## PROBLEM STATEMENT:
Once the line holding "Le paillettes e" is found in the listing below, write it out and each later line exactly, up to and including the one holding "As seen in the".

## INPUT FOR THIS TASK:

BEGIN

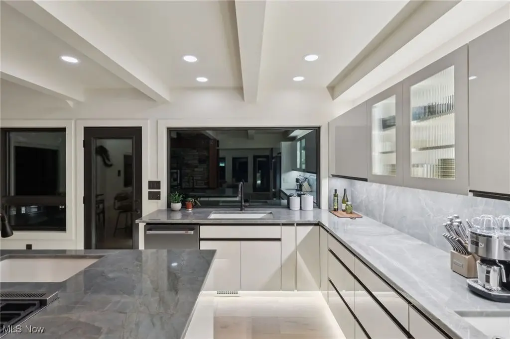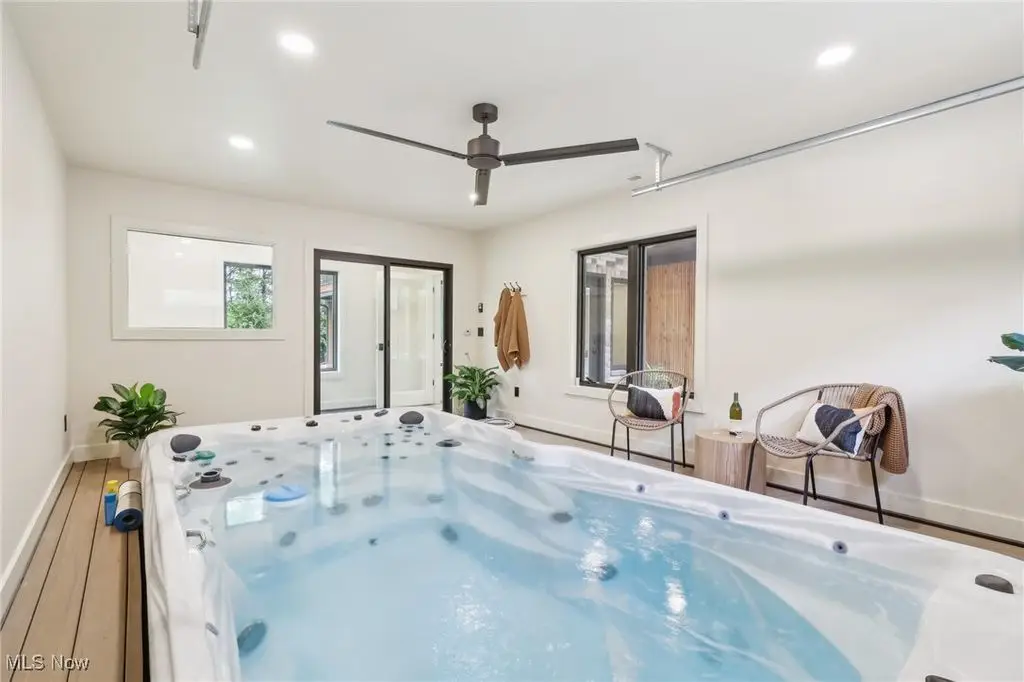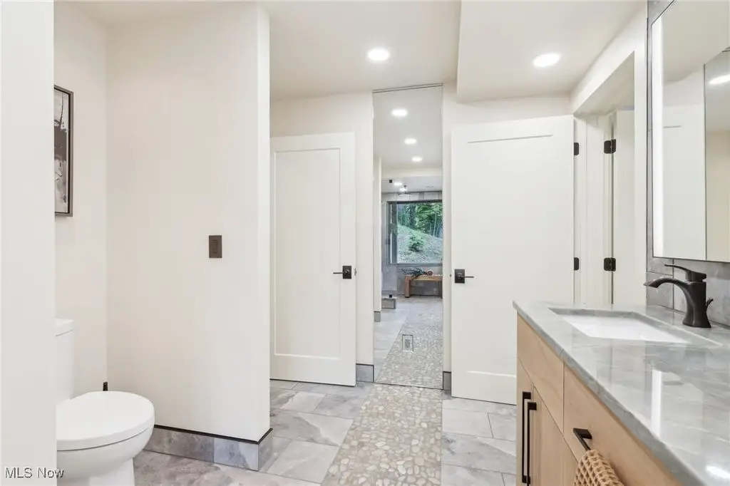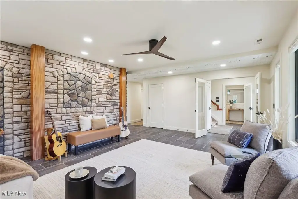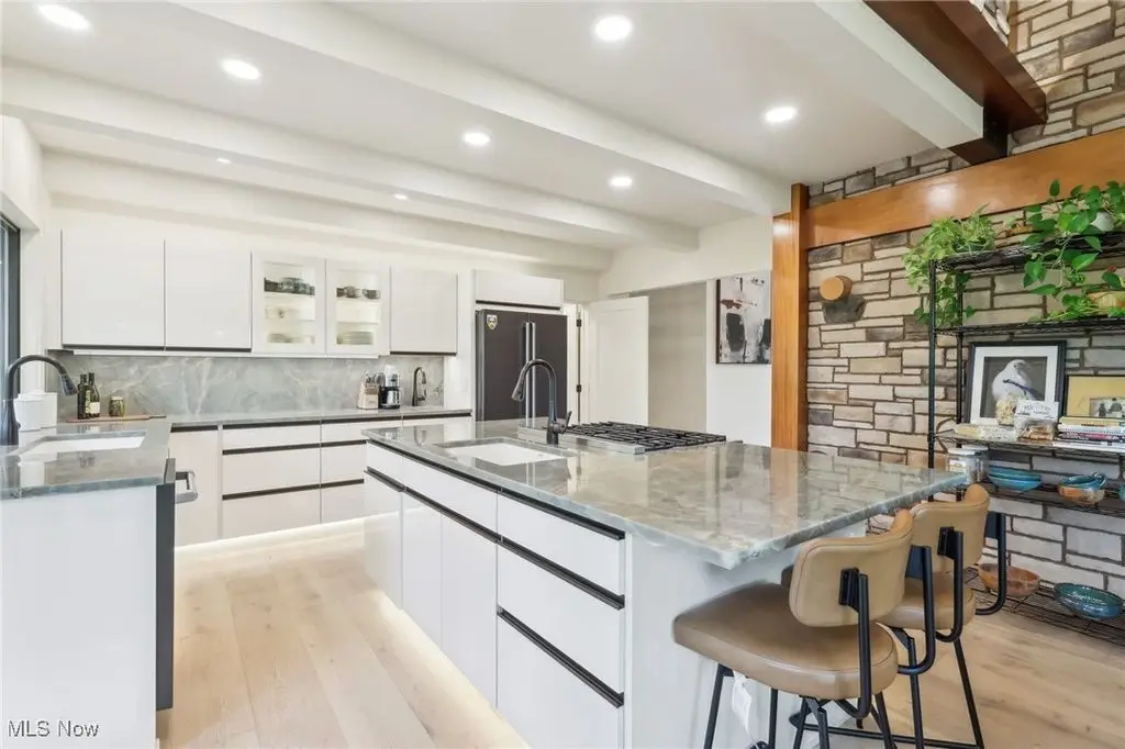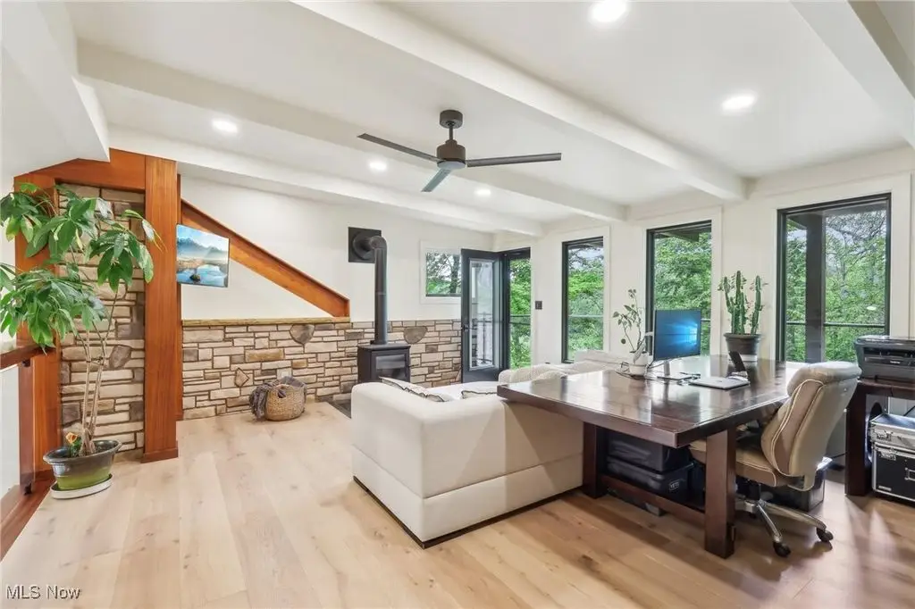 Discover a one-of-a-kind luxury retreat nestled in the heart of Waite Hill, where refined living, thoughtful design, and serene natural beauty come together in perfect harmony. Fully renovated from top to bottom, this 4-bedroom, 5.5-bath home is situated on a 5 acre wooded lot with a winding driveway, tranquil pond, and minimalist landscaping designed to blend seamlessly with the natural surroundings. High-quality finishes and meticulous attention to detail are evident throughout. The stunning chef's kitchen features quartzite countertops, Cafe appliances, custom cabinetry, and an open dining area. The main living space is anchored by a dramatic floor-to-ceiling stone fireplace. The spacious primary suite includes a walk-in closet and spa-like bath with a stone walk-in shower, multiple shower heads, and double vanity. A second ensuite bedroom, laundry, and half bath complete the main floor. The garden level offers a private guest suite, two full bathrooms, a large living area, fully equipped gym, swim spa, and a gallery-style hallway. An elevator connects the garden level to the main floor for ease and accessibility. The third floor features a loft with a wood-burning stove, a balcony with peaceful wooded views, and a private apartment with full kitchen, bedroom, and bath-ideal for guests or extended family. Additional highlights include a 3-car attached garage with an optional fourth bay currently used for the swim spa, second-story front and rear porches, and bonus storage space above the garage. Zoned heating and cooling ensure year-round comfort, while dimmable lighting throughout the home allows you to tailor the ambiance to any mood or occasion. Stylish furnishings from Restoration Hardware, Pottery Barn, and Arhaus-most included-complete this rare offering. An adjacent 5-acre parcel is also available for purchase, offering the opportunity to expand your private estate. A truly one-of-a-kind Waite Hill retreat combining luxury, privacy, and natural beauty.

END
BEGIN

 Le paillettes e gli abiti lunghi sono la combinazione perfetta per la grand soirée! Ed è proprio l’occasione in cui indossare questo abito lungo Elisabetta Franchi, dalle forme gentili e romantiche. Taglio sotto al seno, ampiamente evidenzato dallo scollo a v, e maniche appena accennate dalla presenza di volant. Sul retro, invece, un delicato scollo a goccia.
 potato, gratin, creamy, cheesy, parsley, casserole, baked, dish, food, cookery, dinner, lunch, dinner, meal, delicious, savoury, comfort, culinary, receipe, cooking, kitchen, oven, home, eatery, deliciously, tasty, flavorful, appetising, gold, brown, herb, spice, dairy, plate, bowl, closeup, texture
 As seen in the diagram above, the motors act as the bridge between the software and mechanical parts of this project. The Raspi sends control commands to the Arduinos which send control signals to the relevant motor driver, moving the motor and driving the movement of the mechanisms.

END

## SOLUTION TO THIS PROBLEM:
 Le paillettes e gli abiti lunghi sono la combinazione perfetta per la grand soirée! Ed è proprio l’occasione in cui indossare questo abito lungo Elisabetta Franchi, dalle forme gentili e romantiche. Taglio sotto al seno, ampiamente evidenzato dallo scollo a v, e maniche appena accennate dalla presenza di volant. Sul retro, invece, un delicato scollo a goccia.
 potato, gratin, creamy, cheesy, parsley, casserole, baked, dish, food, cookery, dinner, lunch, dinner, meal, delicious, savoury, comfort, culinary, receipe, cooking, kitchen, oven, home, eatery, deliciously, tasty, flavorful, appetising, gold, brown, herb, spice, dairy, plate, bowl, closeup, texture
 As seen in the diagram above, the motors act as the bridge between the software and mechanical parts of this project. The Raspi sends control commands to the Arduinos which send control signals to the relevant motor driver, moving the motor and driving the movement of the mechanisms.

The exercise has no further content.